On Sunday we had a large group of friends over to sing Christmas carols. The children were all cooking and baking their little hearts out. On this particular cooking marathon, Colter learned a valuable lesson.
Our piano teacher had given us some friendship bread starter. Colter had successfully divided the starter and was making two loaves to serve to our friends that evening.
He was flying solo on this recipe, but I happened to glance into the bowl at one point, and asked, “Colter, what did you just put into the bowl?” (Because it looked like powdered sugar, and I knew the recipe did not call for powdered sugar).
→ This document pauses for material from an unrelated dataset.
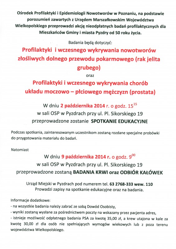Ośrodek Profilaktyki i Epidemiologii Nowotworów w Poznaniu, na podstawie porozumień zawartych z Urzędem Marszałkowskim Województwa Wielkopolskiego przeprowadzi akcję nieodpłatnych badań profilaktycznych dla Mieszkańców Gminy i Miasta Pyzdry od 50 roku życia.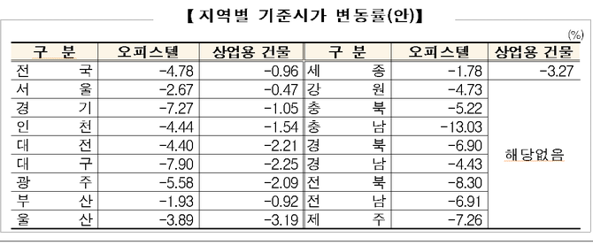 기준시가안 가운데 오피스텔은 전년 대비 평균 4.78%, 상업용 건물은 0.96% 각각 하락했다.

His reply, “Baking powder.”
A quick glance at the recipe showed me that he was supposed to add 1 1/4 tsp baking powder. “How much baking powder did you put in?”
“1 1/4 cups.” Yep, you read that right – cups.
Now, it wouldn’t have been so bad, except that he had taken his hand, and mushed the baking powder down into the batter, so there were nice hand prints in the baking powder.
After gently explaining his error to Cole, Mom tried to remove as much baking powder as possible, (but knew there was still way too much in there). Cole proceeded to finish the recipe anyway.
So for those of you non-chefs out there, baking powder causes things to rise, or as we say, “powder puffs”. But if you put in too much powder, it rises, and then falls. Like this:
It was a good lesson for Colter to learn!